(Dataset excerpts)
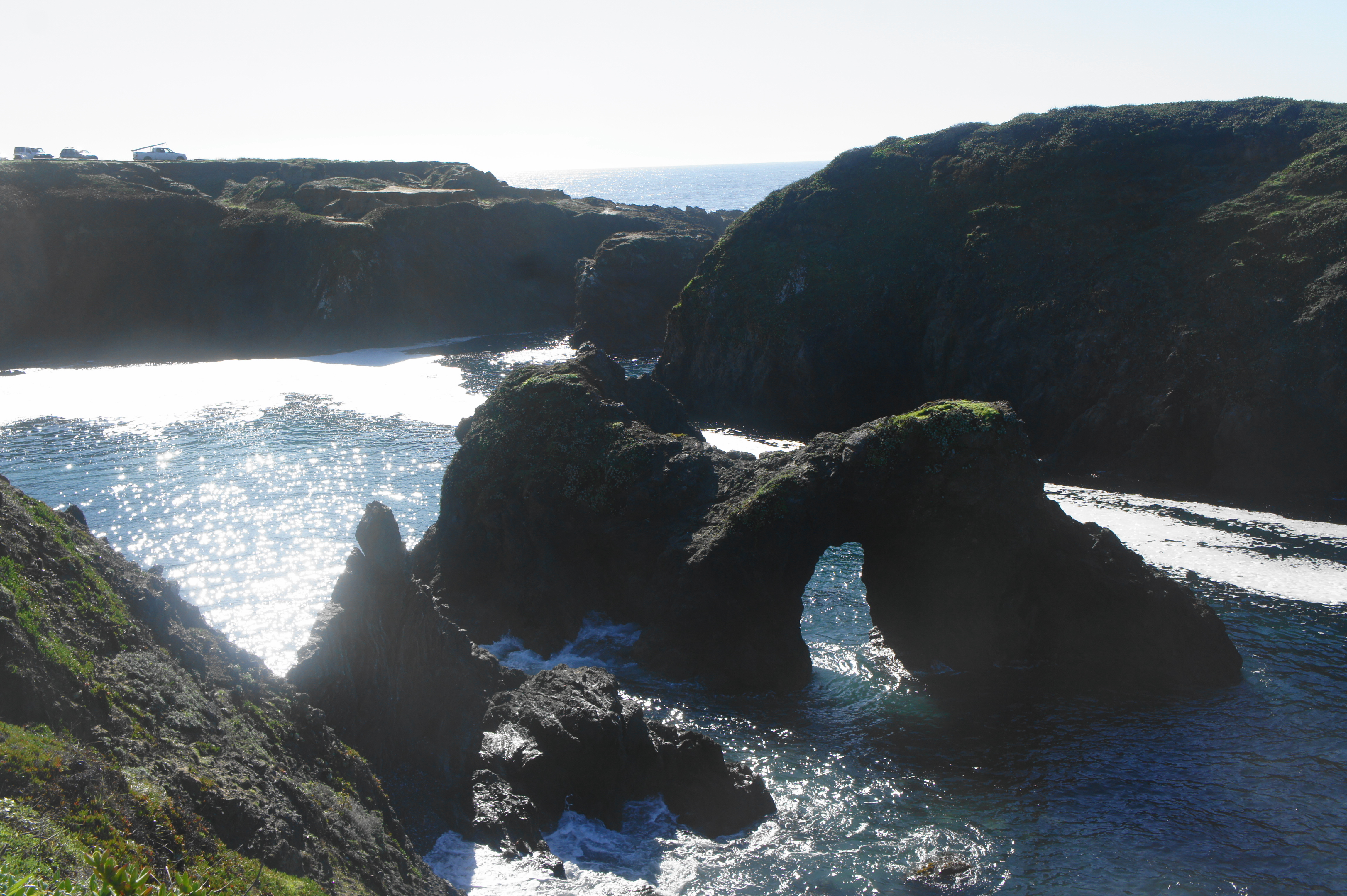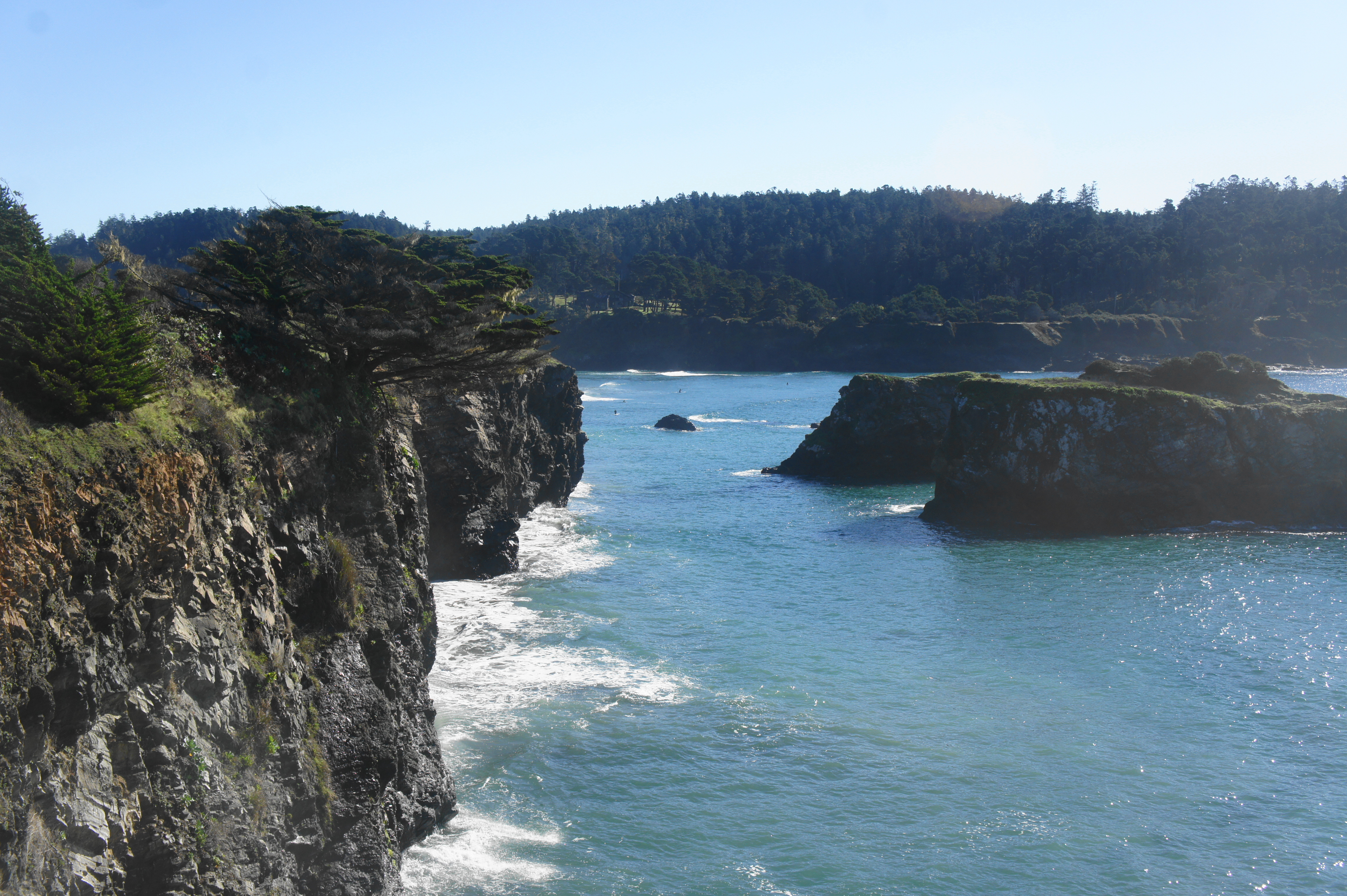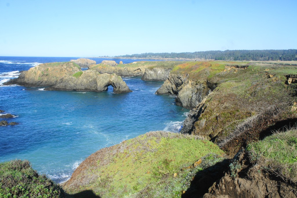 After skirting another cove, the trail passes another small, roadside parking area and angles along the coastline with open views north toward Russian Gulch and Point Cabrillo (one can see the Point Cabrillo lighthouse in the distance). As the trail approaches a cypress grove and Point Kelli, the path abruptly ends, spilling out onto Heeser Drive, where there is a parking area with picnic benches and a restroom.
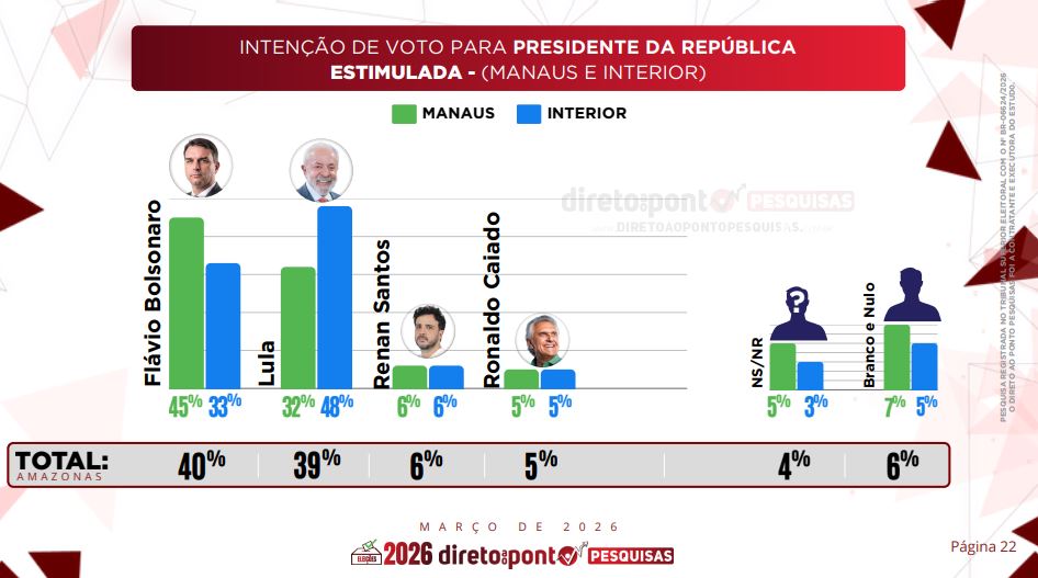Este é o primeiro levantamento do ano realizado pelo Direto ao Ponto Pesquisas sobre a disputa presidencial no Amazonas.
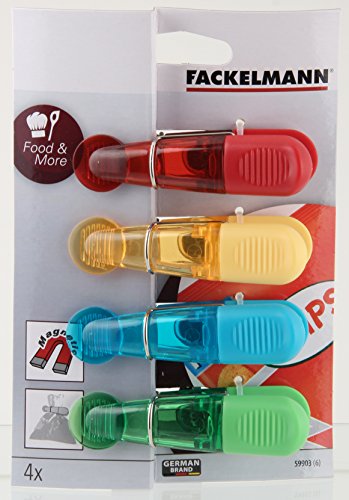 Fackelmann Set 4 Mollette Chiudi Sacchetti, Magnetiche, Plastica, Multicolore
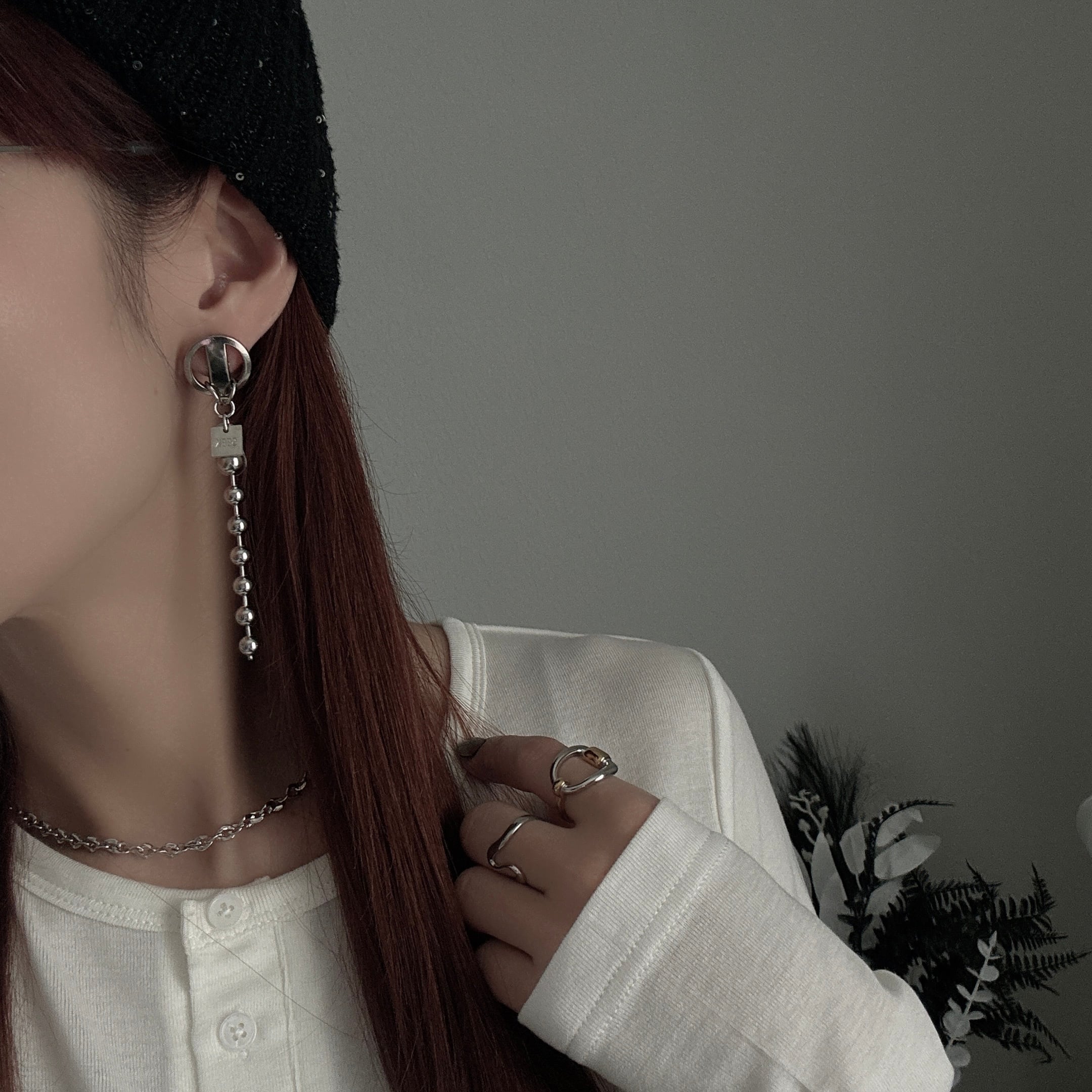 シンプルなスタイリングに一点添えるだけで、印象を引き締めてくれる耳元です
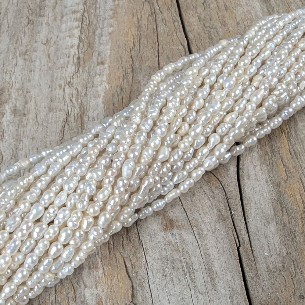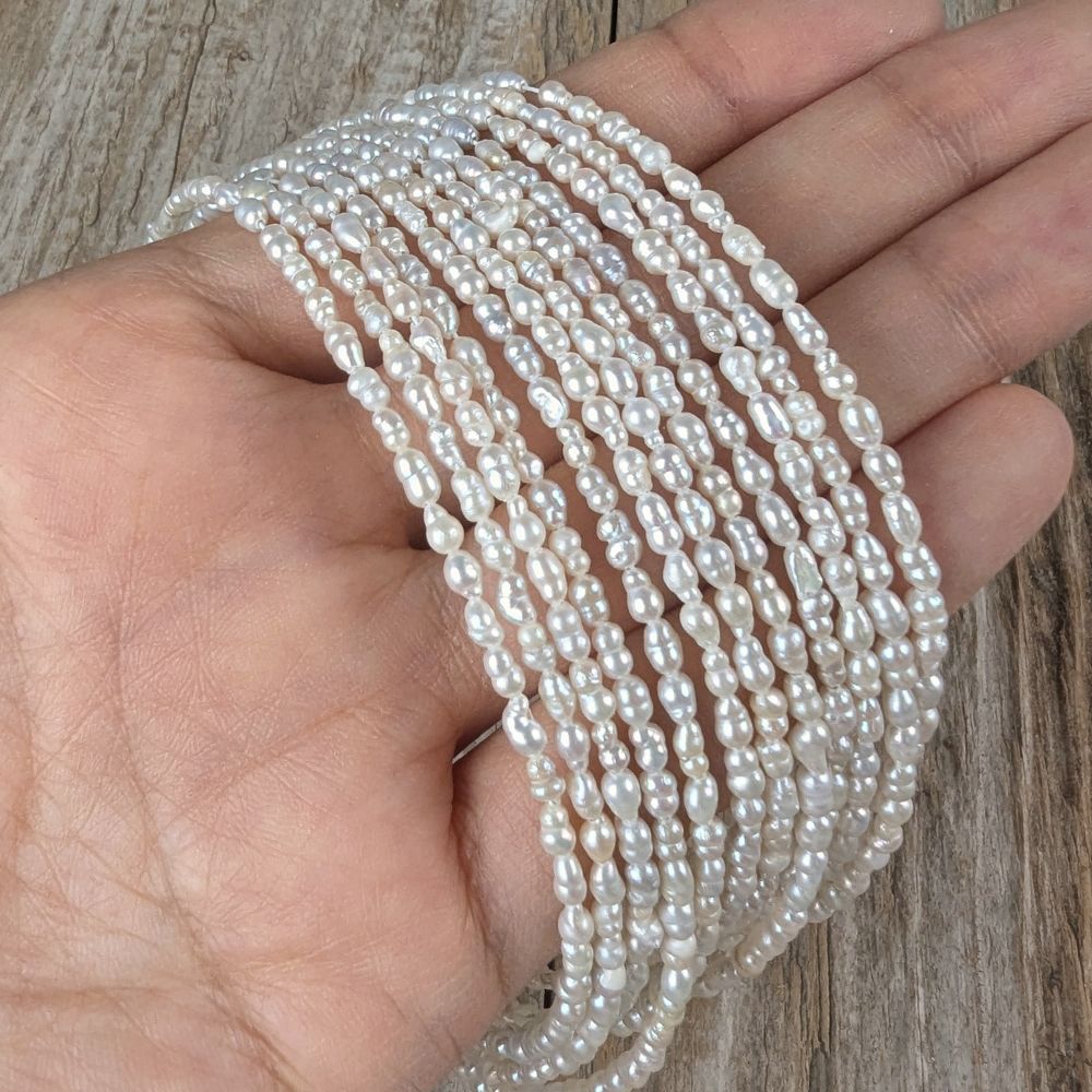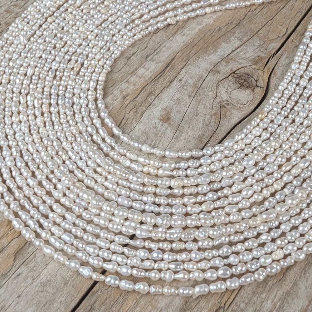 Édesvízi gyöngyök 2–3 mm hosszúkás szabálytalan zsinór
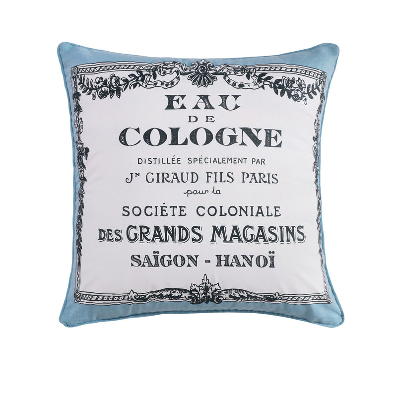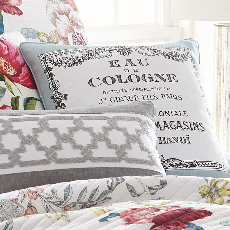 The Eau De Cologne decorative pillow matches perfectly with the Levtex Home Montecito bedding collection. This pillow is sized at 18 x 18in. and features a take on a vintage Eau De Cologne label screenprinted in charcoal and white on a grey canvas ground. The color palette makes this a versatile accessory for your bed, couch or favorite chair. The pillow comes pre-filled with a soft. luxurious feather inner.
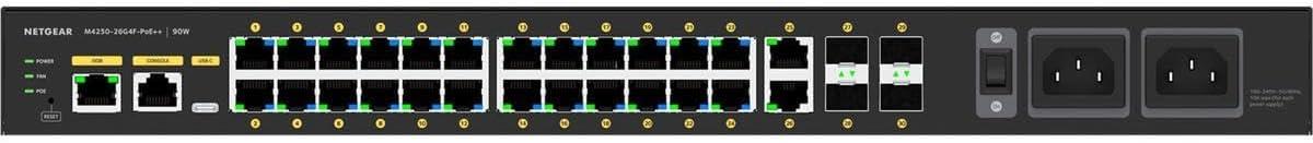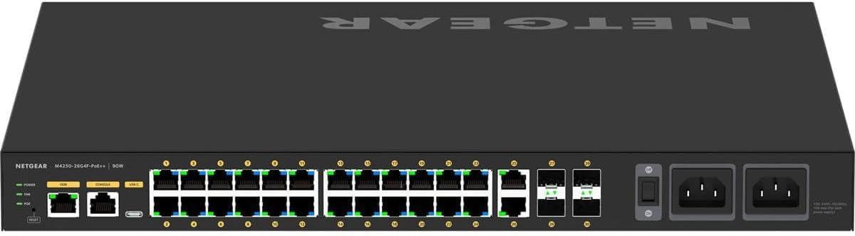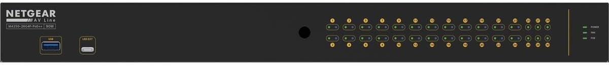 Netgear Switch M4250 26G4F POE++ MNGD – The M4250 series ranges from 8 to 48 ports with a variety of PoE, PoE+, and Ultra90 PoE++ options. Additionally, uplink options include 1G for standalone audio or video installations, as well as 10G uplinks for larger-scale video deployments. The M4250 series also includes 12-port multi-Gigabit Ethernet and 16-port 1G/10G fiber models for plug-and-play aggregation in a fully automated star topology.

__YOUR TASK__.
Copy all entries exactly; skip pictures.

__RESPONSE TO THIS TASK__.
 After skirting another cove, the trail passes another small, roadside parking area and angles along the coastline with open views north toward Russian Gulch and Point Cabrillo (one can see the Point Cabrillo lighthouse in the distance). As the trail approaches a cypress grove and Point Kelli, the path abruptly ends, spilling out onto Heeser Drive, where there is a parking area with picnic benches and a restroom.
Este é o primeiro levantamento do ano realizado pelo Direto ao Ponto Pesquisas sobre a disputa presidencial no Amazonas.
 Fackelmann Set 4 Mollette Chiudi Sacchetti, Magnetiche, Plastica, Multicolore
 シンプルなスタイリングに一点添えるだけで、印象を引き締めてくれる耳元です
 Édesvízi gyöngyök 2–3 mm hosszúkás szabálytalan zsinór
 The Eau De Cologne decorative pillow matches perfectly with the Levtex Home Montecito bedding collection. This pillow is sized at 18 x 18in. and features a take on a vintage Eau De Cologne label screenprinted in charcoal and white on a grey canvas ground. The color palette makes this a versatile accessory for your bed, couch or favorite chair. The pillow comes pre-filled with a soft. luxurious feather inner.
 Netgear Switch M4250 26G4F POE++ MNGD – The M4250 series ranges from 8 to 48 ports with a variety of PoE, PoE+, and Ultra90 PoE++ options. Additionally, uplink options include 1G for standalone audio or video installations, as well as 10G uplinks for larger-scale video deployments. The M4250 series also includes 12-port multi-Gigabit Ethernet and 16-port 1G/10G fiber models for plug-and-play aggregation in a fully automated star topology.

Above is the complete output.